Records for this exercise
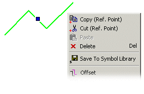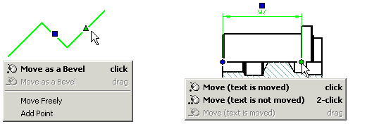 - Open the context-sensitive menu by clicking the right mouse button. The functions depend on the selected element and the active handle. The default function is displayed in bold text in the menu.
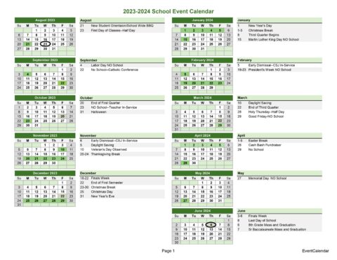 School Calendar St Bernard #39 s Academy
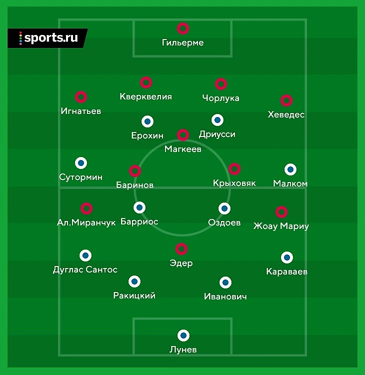 Юрий Семин выпустил Магкеева в середине поля с первых минут и сохранил 4-1-4-1, которые использовал в двух последних матчах на третьем сборе. Жертвой стал Рифат Жемалетдинов – его место справа занял Алексей Миранчук.
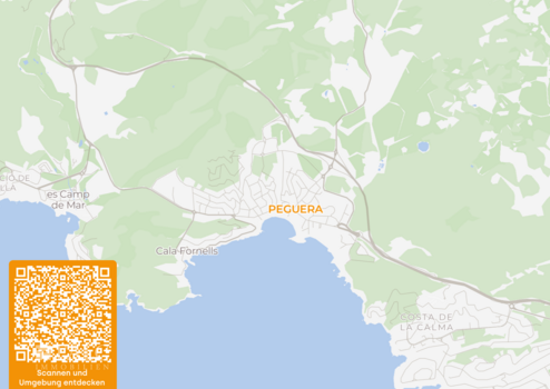 Die Wohnung liegt in einer ruhigen Wohnlage nahe des Boulevards von Paguera. Geschäfte, Supermärkte, Restaurants, Cafés, Eisdielen, Banken und medizinische Versorgung sind in wenigen Minuten zu Fuß erreichbar. Drei Strände – Palmira, Tora und La Romana – liegen je nach Abschnitt rund fünf bis zwölf Gehminuten entfernt. Cala Fornells befindet sich ebenfalls in kurzer Distanz und ist für seine Felsbuchten und das klare Wasser bekannt.
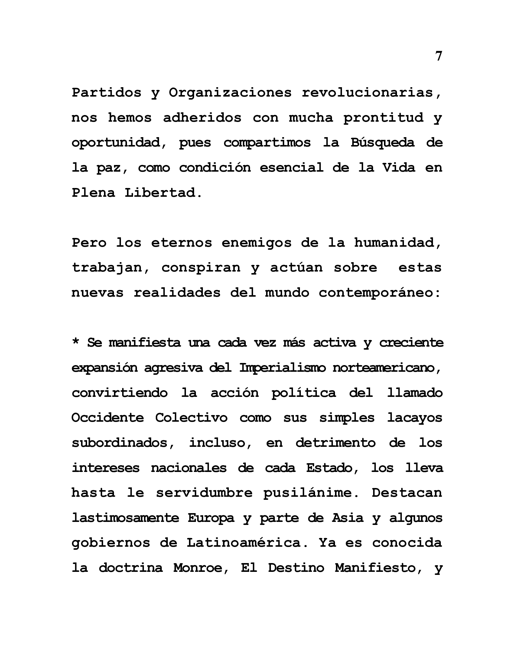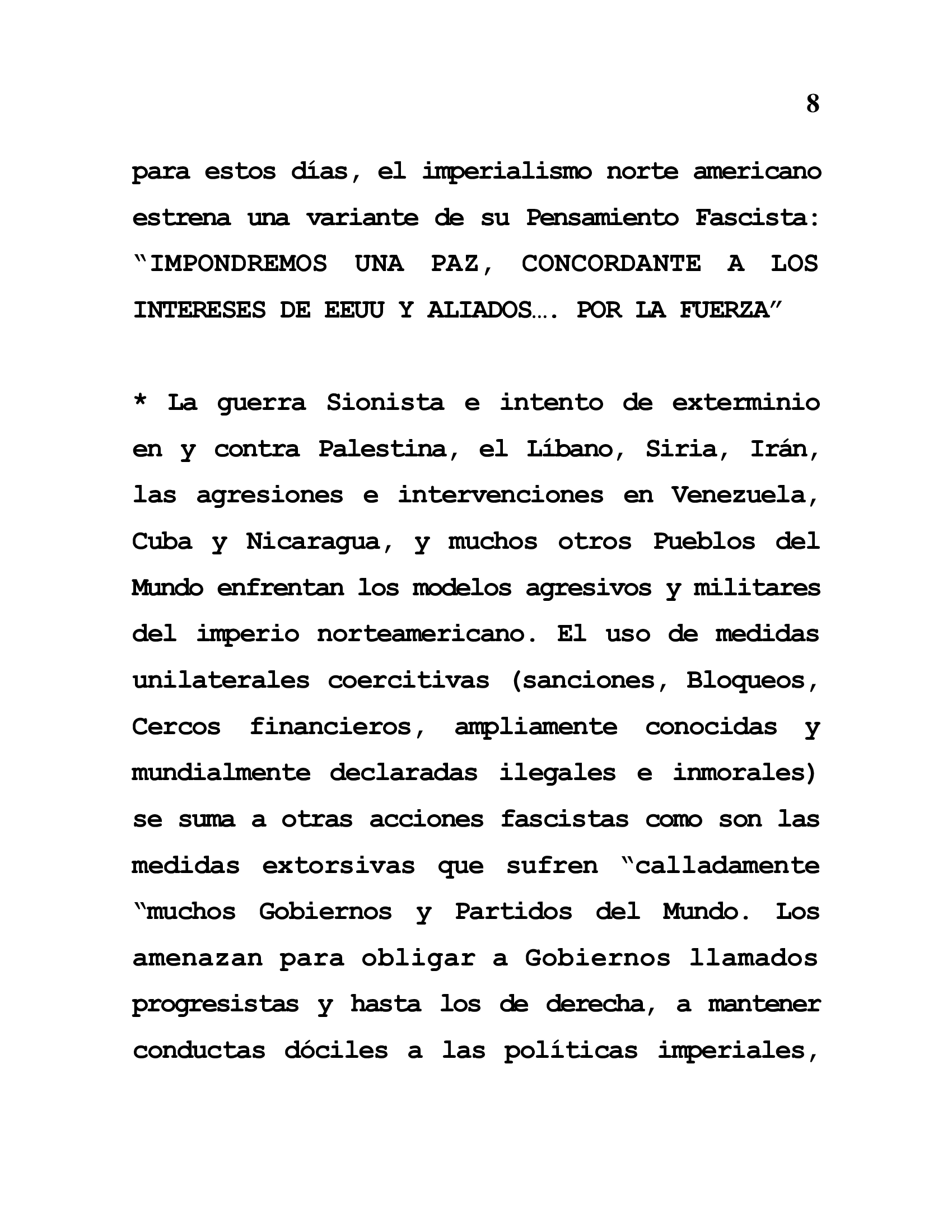 * The Zionist war and attempted extermination in and against Palestine, Lebanon, Syria and Iran; the aggressions and interventions in Venezuela, Cuba and Nicaragua, and many other peoples of the world are confronted by the aggressive and military models of the North American empire. The use of unilateral coercive measures (sanctions, blockades, financial walls, widely known and declared illegal and immoral worldwide) is added to other fascist actions such as the extortionate measures that many governments and parties of the world suffer "quietly". They threaten so-called progressive governments and even those of the right, as well as "collaborators and enthusiastic" condemners of revolutionary governments and not docile to the empire, to maintain docile behaviors to imperial policies. They show off in forums, circuses and any other political trick set up for such purposes.

Work item
Reproduce exactly the lines of the entries above from the first through the line with "Die Wohnung liegt", both included; pictures should not be reproduced.

Solution to this problem
 - Open the context-sensitive menu by clicking the right mouse button. The functions depend on the selected element and the active handle. The default function is displayed in bold text in the menu.
 School Calendar St Bernard #39 s Academy
 Юрий Семин выпустил Магкеева в середине поля с первых минут и сохранил 4-1-4-1, которые использовал в двух последних матчах на третьем сборе. Жертвой стал Рифат Жемалетдинов – его место справа занял Алексей Миранчук.
 Die Wohnung liegt in einer ruhigen Wohnlage nahe des Boulevards von Paguera. Geschäfte, Supermärkte, Restaurants, Cafés, Eisdielen, Banken und medizinische Versorgung sind in wenigen Minuten zu Fuß erreichbar. Drei Strände – Palmira, Tora und La Romana – liegen je nach Abschnitt rund fünf bis zwölf Gehminuten entfernt. Cala Fornells befindet sich ebenfalls in kurzer Distanz und ist für seine Felsbuchten und das klare Wasser bekannt.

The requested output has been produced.